Tax refund: Questions to ask before deciding what to do
When Julian Shenoy receives his tax refund this year, he plans to save some of it for investments and the rest for travel.
“Everything has been shut down for the last three years, due to the pandemic, etc., so we are likely to spend a large percentage of our leisure time, maybe 50% on investments and the other 50% on vacation.” said Shenoy in a phone interview.
The Toronto-based millennial is “pretty lucky” not to have as much debt as many others his age, and that’s why he’s getting his tax refunds this way. That’s why I plan to use it.
“It’s a little different with more disposable income, but it can be difficult with more spending,” Shenoy added.
With tax season approaching, experts say it’s best to take a good look at your finances before deciding what to do with your tax refund.
“There is no one-size-fits-all solution.
Top of the list of things to consider, Hiscock said, is whether there is debt that needs to be paid off.
“If you have high-interest debt, that’s the first thing you should do to get your tax refund because that debt builds up really quickly and is very costly,” she said.
Next, Hiscock recommends considering employer matching programs for retirement savings, where employers match employee contributions to registered retirement savings plans (RRSPs). It is often an amount per dollar, up to a certain amount, or up to a certain percentage of an employee’s salary.

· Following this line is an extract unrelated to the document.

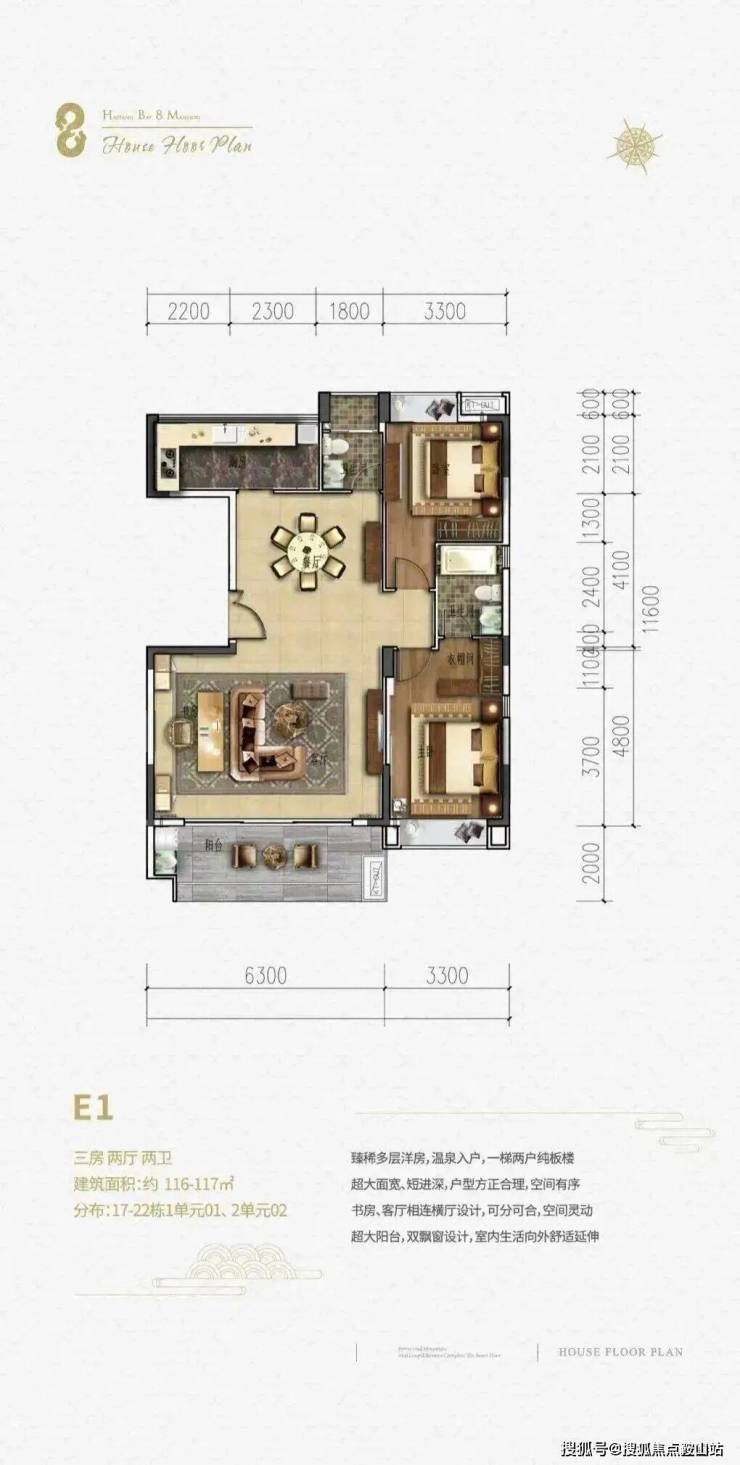 一梯两户板楼,客厅开间6.3m,总高6层,温泉入户低密度舒适型2+1房户型

“Employer matching programs are free and many people miss the opportunity, so the next step is to make sure you are getting the most out of the matching program,” she says. said.
Finally, Hiscock should consider directing funds to RRSPs, Tax Free Savings Accounts (TFSAs), or a new type of registered account, the First Home Savings Account (FHSA), which allows people to save for their first home. I said yes. It’s tax-free up to a certain limit and is available this month (be sure to ask, as not all financial institutions are rolling out the service yet).
If you earn less than $50,000 a year and have limited ability to invest, she recommends setting aside the money in TFSA.
If you’re making $50,000 or more, put your money in the RRSP or FHSA, depending on whether you meet the definition of a first-time homebuyer set by the federal government and “which is most beneficial to your situation.” You should consider that, said Hiscock.
Diversification and consistency are the keys to long-term investment success, she added.
“We would like to see a well-diversified portfolio,” Hiscock said.
Receiving a tax refund may be exciting, but Hiscock is wary of impulse buys, instead perhaps setting aside a small portion of it for personal enjoyment and the rest for debt repayments, investments, etc. We suggest setting aside them for more responsible financial planning.
“Of course, there are practical things, but there are also things about making yourself happy and enjoying life, and I think you need to find a good balance there.
Canadian Western Bank Personal Banking Account Manager Natasha Jarlig offered similar advice to Canadians considering how to get their tax refunds.
“This is definitely not one-size-fits-all advice. It’s really based on personal circumstances,” she said. increase.”
Those with debt, especially high-interest debt, need to pay it off early so they can regain control of their finances, Jahrig said.
For those who don’t have a lot of debt, create an emergency fund with tax refunds or pay a TFSA, RRSP, or An unregistered investment, she said.
Unregistered accounts are taxable investment accounts offered by Canadian banks and financial service providers. They allow you to invest an unlimited amount of money in a series of investments and are useful if you run out of TFSA or RRSP.
If you’re unsure about what to do with your refund, or want personalized advice from an expert, you should consult a certified financial planner, trusted financial advisor or accountant, Hiscock and Jahrig say. . doing your taxes
“Building a relationship with a professional is very important, ensuring that they can provide you with what is best for you,” Jahrig said.
You can also take advantage of free online resources such as getsmarteraboutmoney.ca, which Mr. Hiscock said “covers well” all areas of financial planning.
Overall, experts stressed that it’s worth considering your options carefully when seeking a tax refund.
“If you think well and think strategically, you will have the upper hand in the long run,” says Hiscock.